Julius Coles Jr.

No. 6 – Al-Muharraq
- Position: Shooting guard / point guard

Personal information
- Born: January 15, 1989 (age 37) Harlem, New York
- Listed height: 6 ft 4 in (1.93 m)
- Listed weight: 193 lb (88 kg)

Career information
- High school: Fessenden Blair Academy
- College: Canisius (2007–2011)
- NBA draft: 2011: undrafted

Career history
- 2012–2013: Schwelm
- 2013–2014: HKK Široki
- 2014–2015: Lirija
- 2015: Ittihad Tanger
- 2015: Prishtina
- 2019–2021: Al-Wakrah
- 2022: US Monastir
- 2022: Al Morog
- 2022–2023: Al Bataeh Club
- 2023–present: Al-Muharraq

Career highlights
- BAL champion (2022); Qatari Cup winner (2020);

= Julius Coles Jr. =

American professional basketball player

Julius V Coles Jr. (born January 15, 1989) is an American professional basketball player who plays for Al Bataeh Club in the UAE National Basketball League.
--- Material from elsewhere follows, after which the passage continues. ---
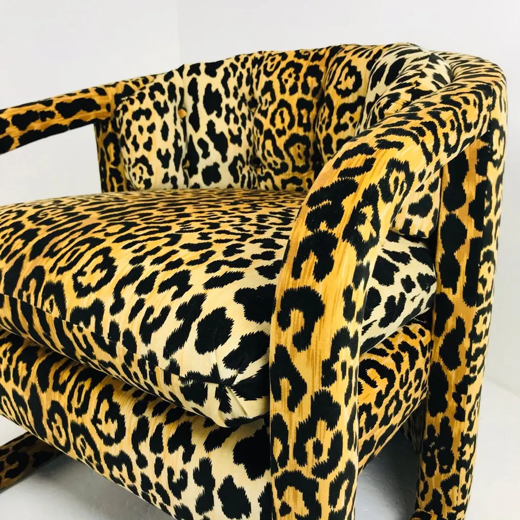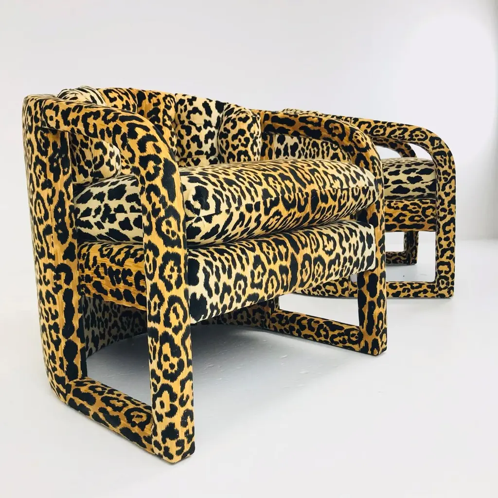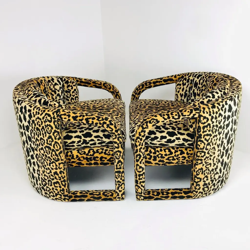 Gorgeous pair of barrel-back cutout armchairs in custom leopard velvet. Made to order and can be modified to your specifications. Available at $5800 (as shown), or in choice of fabric for $5600 + 8 yards COM.

He played college basketball for the Canisius Golden Griffins. Coles Jr. played for US Monastir when they won the 2022 BAL championship.

== Professional career ==
Coles Jr. signed his first professional contract in 2012, with the German team EN Baskets Schwelm of the national third level. The following season, he played for HKK Široki of the Basketball Championship of Bosnia and Herzegovina.

In the 2014–15 season, Coles Jr. played for Lirija in Macedonia. He then moved to Ittihad Tanger in the Moroccan Division Excellence. In January 2015, Coles Jr. signed with KB Prishtina.

In 2019, Coles Jr. signed for Al-Wakrah of the Qatari Basketball League. He helped them win the 2020 Qatar Cup after scoring 19 points in the final against Al-Gharafa.

Coles Jr. joined Tunisian club US Monastir in May 2022, ahead of the 2022 BAL Playoffs. He went on to win the BAL championship with Monastir, starting and contributing 6 points and 4 assists in the finals.

On June 1, 2022, Coles Jr. joined Al Morog of the Libyan Division I. In October 2023, Coles made his debut for Bahraini club Al-Muharraq in the 2023 Arab Club Basketball Championship.

== Personal ==
Coles Jr. is the son of Sonya Pittman. He earned an undergraduate degree in communications in 2010.